You're right, I didn't do a close reading of Ecclesiastes as part of my preparation for this post. But let's quote the text you refer to in full. And let's include verse 8:

Remember also your Creator in the days of your youth, before the evil days come and the years draw near of which you will say, "I have no pleasure in them"; before the sun and the light and the moon and the stars are darkened and the clouds return after the rain, in the day when the keepers of the house tremble, and the strong men are bent, and the grinders cease because they are few, and those who look through the windows are dimmed, and the doors on the street are shut—when the sound of the grinding is low, and one rises up at the sound of a bird, and all the daughters of song are brought low — they are afraid also of what is high, and terrors are in the way; the almond tree blossoms, the grasshopper drags itself along, and desire fails, because man is going to his eternal home, and the mourners go about the streets — before the silver cord is snapped, or the golden bowl is broken, or the pitcher is shattered at the fountain, or the wheel broken at the cistern, and the dust returns to the earth as it was, and the spirit returns to God who gave it. Vanity of vanities, says the Preacher; all is vanity.

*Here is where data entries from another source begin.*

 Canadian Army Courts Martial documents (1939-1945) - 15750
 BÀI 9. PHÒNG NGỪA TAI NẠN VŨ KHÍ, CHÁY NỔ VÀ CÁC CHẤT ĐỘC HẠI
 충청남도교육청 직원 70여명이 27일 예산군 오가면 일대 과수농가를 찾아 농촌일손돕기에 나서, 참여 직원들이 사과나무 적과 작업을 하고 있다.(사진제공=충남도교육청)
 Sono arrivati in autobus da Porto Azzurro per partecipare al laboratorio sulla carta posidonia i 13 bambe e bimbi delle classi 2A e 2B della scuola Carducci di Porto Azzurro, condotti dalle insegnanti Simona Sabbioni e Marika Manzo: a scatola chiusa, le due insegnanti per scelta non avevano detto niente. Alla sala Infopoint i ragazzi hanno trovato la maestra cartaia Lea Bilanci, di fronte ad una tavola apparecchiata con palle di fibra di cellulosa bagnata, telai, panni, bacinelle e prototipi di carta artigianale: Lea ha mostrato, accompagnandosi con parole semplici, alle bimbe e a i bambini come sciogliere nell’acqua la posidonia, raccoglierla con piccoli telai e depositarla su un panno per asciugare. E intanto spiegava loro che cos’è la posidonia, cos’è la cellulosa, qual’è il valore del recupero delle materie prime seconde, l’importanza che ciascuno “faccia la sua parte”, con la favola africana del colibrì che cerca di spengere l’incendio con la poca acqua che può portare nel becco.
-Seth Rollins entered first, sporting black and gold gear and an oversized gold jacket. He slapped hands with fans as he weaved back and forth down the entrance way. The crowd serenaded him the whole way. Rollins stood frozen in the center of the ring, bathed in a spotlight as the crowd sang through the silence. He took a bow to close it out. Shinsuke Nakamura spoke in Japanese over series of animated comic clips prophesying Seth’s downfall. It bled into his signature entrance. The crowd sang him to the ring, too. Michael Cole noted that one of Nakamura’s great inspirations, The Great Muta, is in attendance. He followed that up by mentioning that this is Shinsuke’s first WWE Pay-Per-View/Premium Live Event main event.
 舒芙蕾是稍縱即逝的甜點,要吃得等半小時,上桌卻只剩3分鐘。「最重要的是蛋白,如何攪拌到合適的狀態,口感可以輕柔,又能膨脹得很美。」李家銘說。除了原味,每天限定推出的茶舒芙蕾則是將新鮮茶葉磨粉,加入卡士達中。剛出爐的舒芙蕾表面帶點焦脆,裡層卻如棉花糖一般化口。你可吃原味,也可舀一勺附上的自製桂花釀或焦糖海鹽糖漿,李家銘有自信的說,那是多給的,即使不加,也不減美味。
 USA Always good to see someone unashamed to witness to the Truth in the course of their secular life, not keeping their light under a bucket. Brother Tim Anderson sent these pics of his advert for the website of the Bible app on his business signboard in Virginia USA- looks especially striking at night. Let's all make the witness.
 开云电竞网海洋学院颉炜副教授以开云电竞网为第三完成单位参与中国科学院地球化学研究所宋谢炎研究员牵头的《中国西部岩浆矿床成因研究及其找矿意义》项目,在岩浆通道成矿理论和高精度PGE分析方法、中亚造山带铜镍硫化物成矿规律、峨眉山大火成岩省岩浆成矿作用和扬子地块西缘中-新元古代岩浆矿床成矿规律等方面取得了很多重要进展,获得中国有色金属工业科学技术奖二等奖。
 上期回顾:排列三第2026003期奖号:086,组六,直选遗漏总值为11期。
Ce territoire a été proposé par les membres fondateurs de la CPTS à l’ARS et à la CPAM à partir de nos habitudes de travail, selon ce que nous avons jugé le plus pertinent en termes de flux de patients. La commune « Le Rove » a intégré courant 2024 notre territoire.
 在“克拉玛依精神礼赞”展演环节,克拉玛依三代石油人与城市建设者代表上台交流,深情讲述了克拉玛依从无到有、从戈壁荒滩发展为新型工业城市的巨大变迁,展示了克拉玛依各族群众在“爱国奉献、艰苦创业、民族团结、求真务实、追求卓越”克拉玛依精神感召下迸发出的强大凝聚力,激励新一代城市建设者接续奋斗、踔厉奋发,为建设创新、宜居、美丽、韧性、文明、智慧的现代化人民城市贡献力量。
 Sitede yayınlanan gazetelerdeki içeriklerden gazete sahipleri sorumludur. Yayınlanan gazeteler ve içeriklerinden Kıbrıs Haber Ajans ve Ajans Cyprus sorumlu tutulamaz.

What sort of resolution is this? The Preacher returns, once more, to his mantra: all is vanity. And the tone of these verses! As Brueggemann observes (of the book considered as a whole),

"This testimony cannot be taken apart from its context and the tone in which it is cast. For all of these rather stereotypical affirmations about Yahweh, the whole of life at best is mystifying and enigmatic. At most, it is a bewilderment, a tribulation, and vanity." (Theology of the Old Testament, p. 395)

In my view, that's a defensible judgement.

One could argue that Qohelet regrets the error of not remembering his creator in his youth. But the orthodox affirmation constitutes one third of one verse! It is followed by a sustained passage that drips regret and resignation. And the text climaxes in the familiar refrain, "vanity of vanities". So does this passage really constitute a breakthrough in Qohelet's perspective?

I haven't dug very deep into this text, so I don't want to take a dogmatic position. I'm just saying, the surface appearance of the book supports Brueggemann's judgement: that the orthodox affirmations of the book are "rather stereotypical", while the general tone of the book is one of resignation and futility. It takes some effort to read the book any other way.

• Phil:
I'm content to give you the last word. I acknowledge that I haven't adequately addressed at least one of the important issues that you have raised.

I'm disappointed, however, by the ultimate retreat to Childs's other books. I had hoped we could discuss what Childs says in his critique of Brueggemann. You haven't answered my question:

If Childs is not guilty of homogenizing the texts, then what is the meaning of his criticism of Brueggeman? (i.e., that Brueggemann fails to respect the judgement that Israel's editors have passed on the book of Ecclesiastes.) Evidentally Childs accepts the judgement of the editors, which necessitates that he reads Ecclesiastes through the prism of orthodoxy.

But let it pass. No doubt we will take up these issues again, in another context. Perhaps in response to your blog post. And I'm planning a post on Childs's commentary on Exodus.